Answer:
The equation in point slope form for the line perpendicular to y=3x+5 that passes through (4,-1) is y = -⅓x + ⅓
Step-by-step explanation:
Given
Let P represent the lind
Equation of P; y = 3x + 5
Let Q represent the other point.
Coordinates of Q; Q(4,-1)
It is said that the line P is perpendicular to point Q.

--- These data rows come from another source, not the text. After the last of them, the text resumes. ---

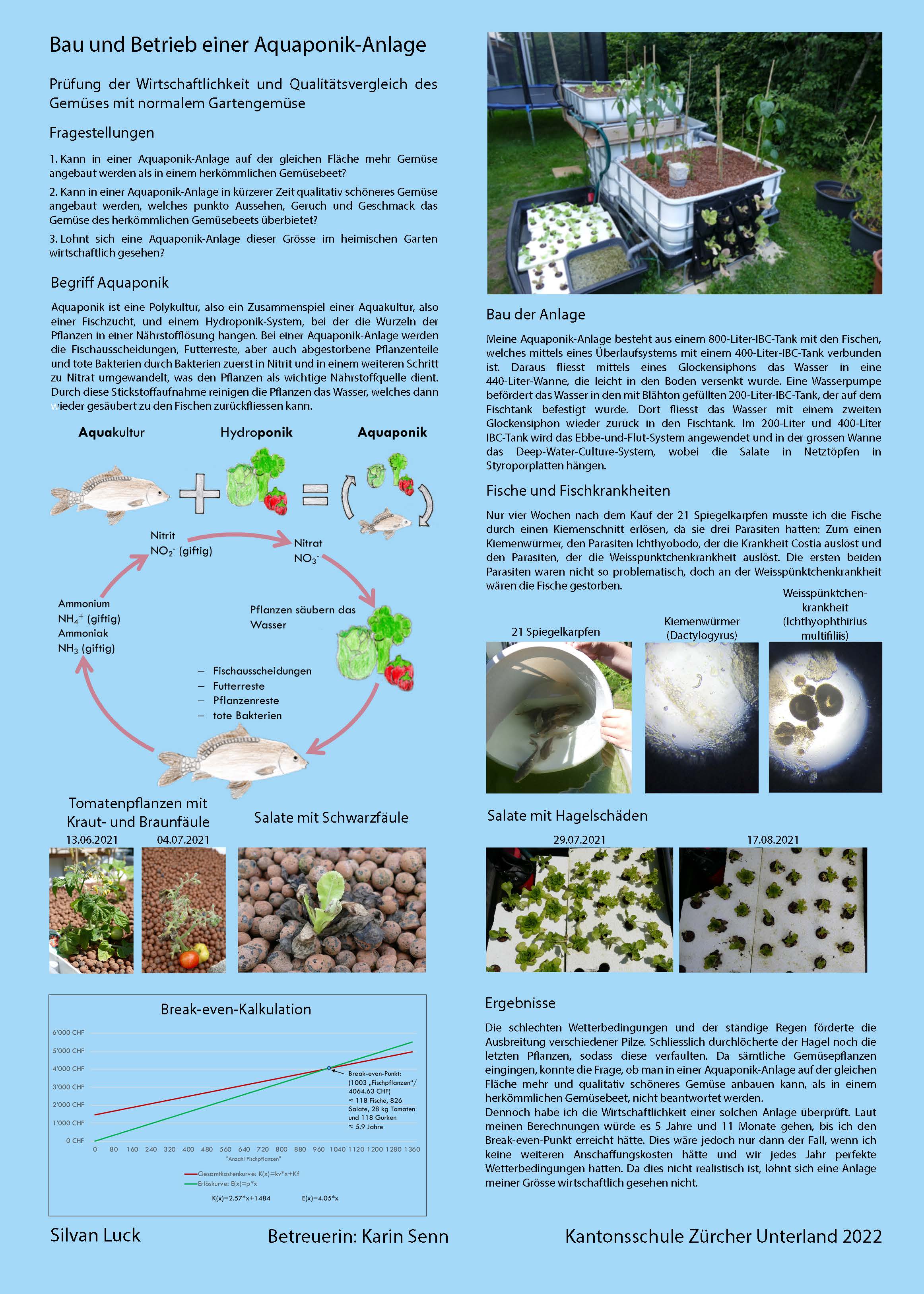 Eine Aquaponik-Anlage ist ein Kreislaufsystem, bei dem die Pflanzen und Fische beide voneinander profitieren. Das Ziel eines Aquaponik-Systems ist die Wiederverwertung der Nährstoffe in den Fischausscheidungen und im Fischfutter, um so Pflanzen anzubauen. Da eine Aquaponik-Anlage keinen zusätzlichen Dünger oder Pestizide braucht, ist eine solche Anlage auch ökologisch sinnvoll, zudem spart man durch dieses Kreislaufsystem sehr viel Wasser. Mit dem Bau und Betrieb einer Aquaponik-Anlage wollte ich die Frage beantworten, ob sich eine Aquaponik-Anlage dieser Grösse im heimischen Garten lohnt und sie in kürzerer Zeit mehr Ertrag liefert, welches qualitativ besser ist als ein Gemüsebeet, das auf herkömmliche Weise betrieben wurde. Um diese Fragestellung zu überprüfen, wurde die Anlage gebaut und ein herkömmliches Gemüsebeet in Betrieb genommen. Leider war mein Vergleichsbeet auch bei den Schnecken sehr beliebt und wurde schliesslich zur Brutstätte diverser Nacktschnecken, sodass ich auf Töpfe umsteigen musste. Auch meine 21 Spiegelkarpfen mussten bereits nach vier Wochen erlöst werden, da sie drei verschiedene Parasiten hatten. Die schlechten Wetterbedingungen und der ständige Regen führten dazu, dass meine Pflanzen alle an Pilzen erkrankten und schliesslich eingingen. Die Anlage wurde neu bepflanzt, doch nur zwei Wochen später durchlöcherte der Hagel meine Pflanzen und sie verfaulten schliesslich. Kurz zusammengefasst, konnte ich letztes Jahr kein Gemüse ernten. Auch die Überprüfung der Wirtschaftlichkeit ergab, dass sich eine Aquaponik-Anlage von meiner Grösse im heimischen Garten nicht lohnt.
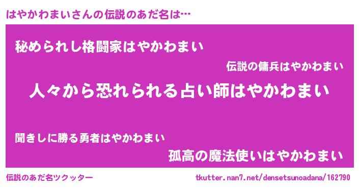 | ヒーロー風カッコイイあだ名 | 『正義の使者はやかわまい』 |
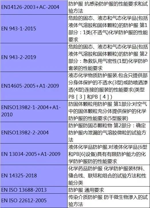 (6)欧标防护服由两个子标准体系组成,防感染的EN14126标准和抗气体、液体、固体颗粒渗透的TYPE子标准。按照针对防护的物体不同,欧标防护服分为6类TYPE:TYPE 1及TYPE 2类针对气体级防护、TYPE 3/4/6针对液体防护、TYPE 5针对固体及气溶胶颗粒防护及衣服的抗撕扯强度。欧标防护服的抗合成血液渗透测试参照标ISO 16603。该标准将防护服的抗合成液渗透测试等级分为6级,6级最高。ISO 16603的第2级(CLASS 2)和中国国标的级致,均为1.75kPa。欧标防护服需有EN14126字样,并最少达到TYPE4,才符合我国国标。
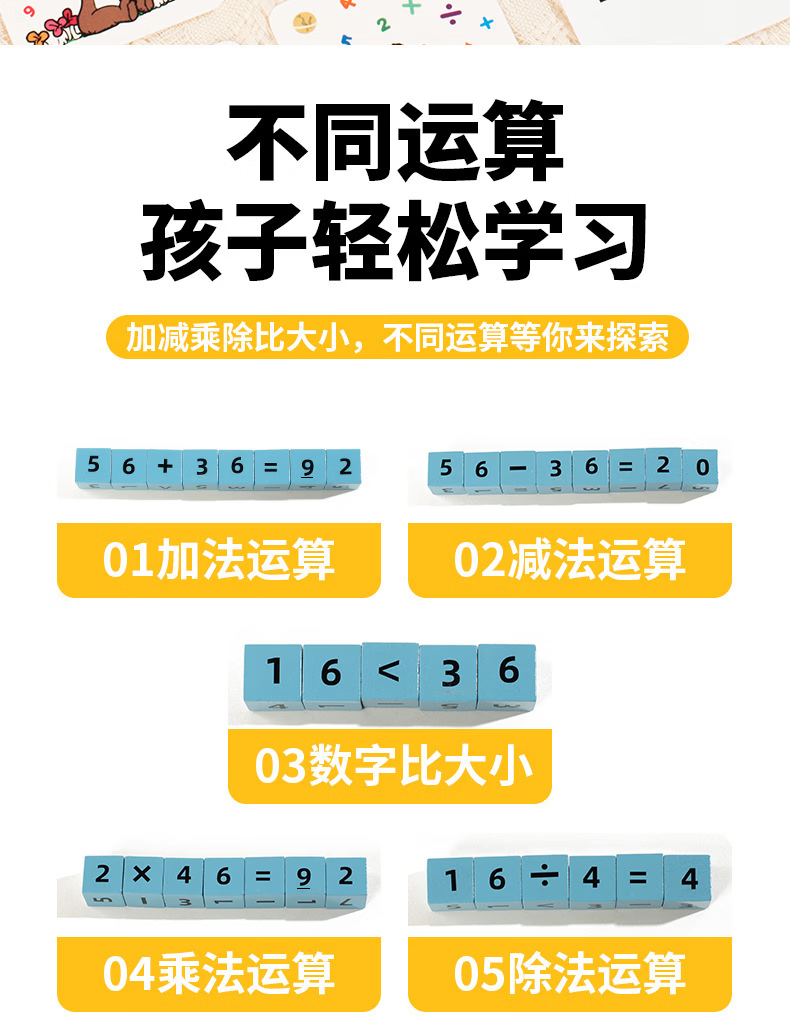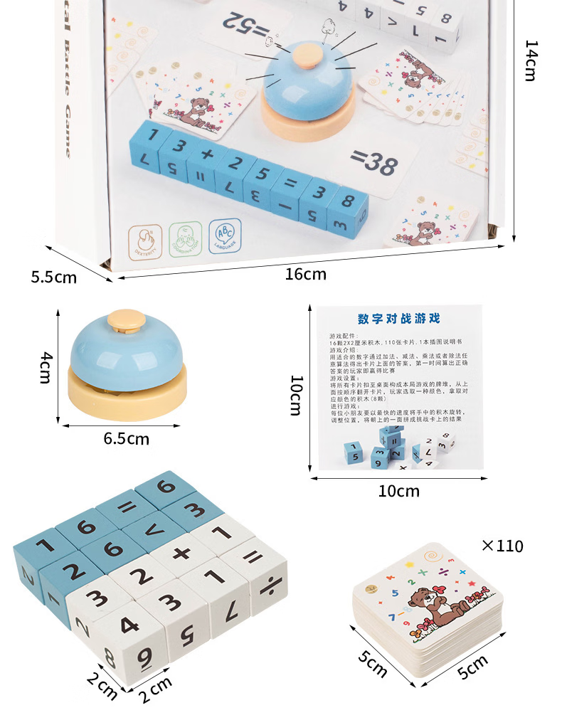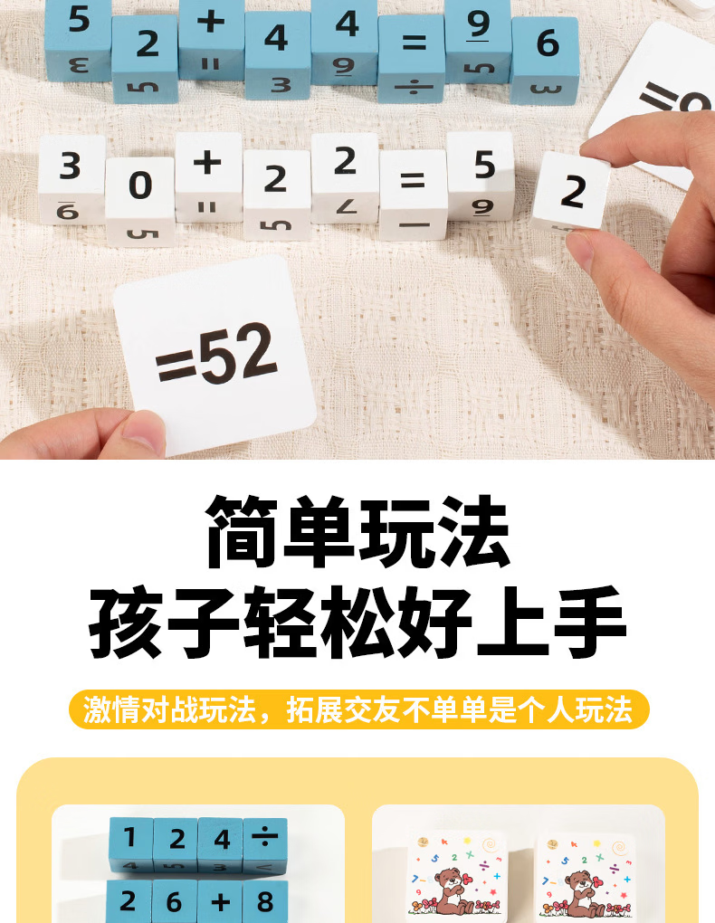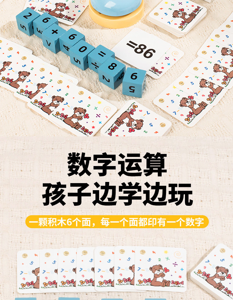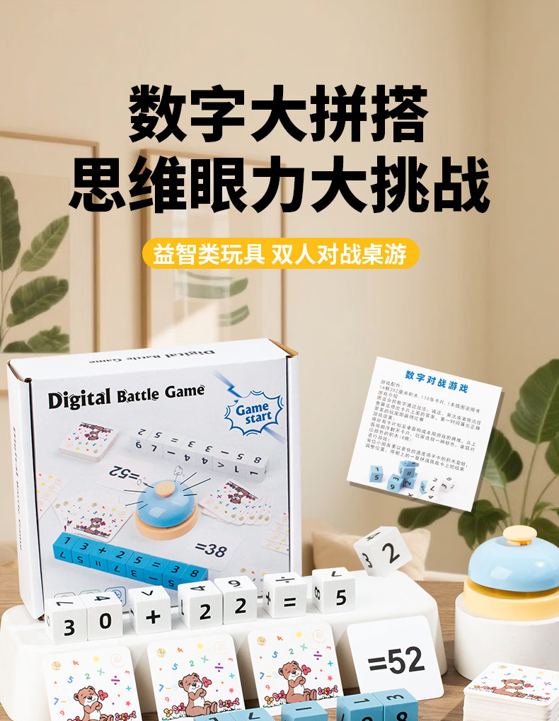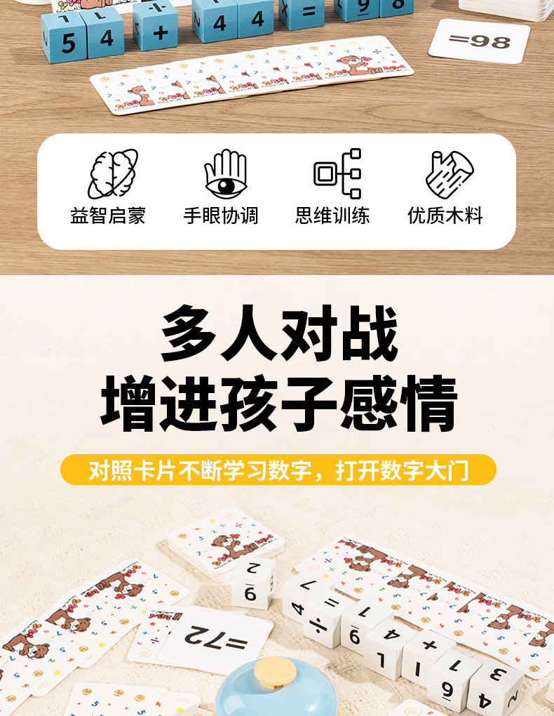 奇优宝木制数字运算积木加减乘除运算玩具亲子互动对战桌游早教益智玩具 数字运算对战积木

So, the first thing to do is to calculate the slope of Q;
Since both lines are perpendicular, then we make use of formula for calculating the condition of perpendicularity
This is given as m1m2 = -1
Where m1 = slope of P
m2 = slope of Q
To get m1;
m1 is the coefficient of x in equation of line P.
So, m1 = 3.
Now we can solve for m2
m1.m2 = -1. ---- make m2 the subject of formula
m2 = -1/m1
Substitute 3 for m1
m2 = -1/3
m2 = -⅓
Recall that the coordinates of Q is 4 and -1.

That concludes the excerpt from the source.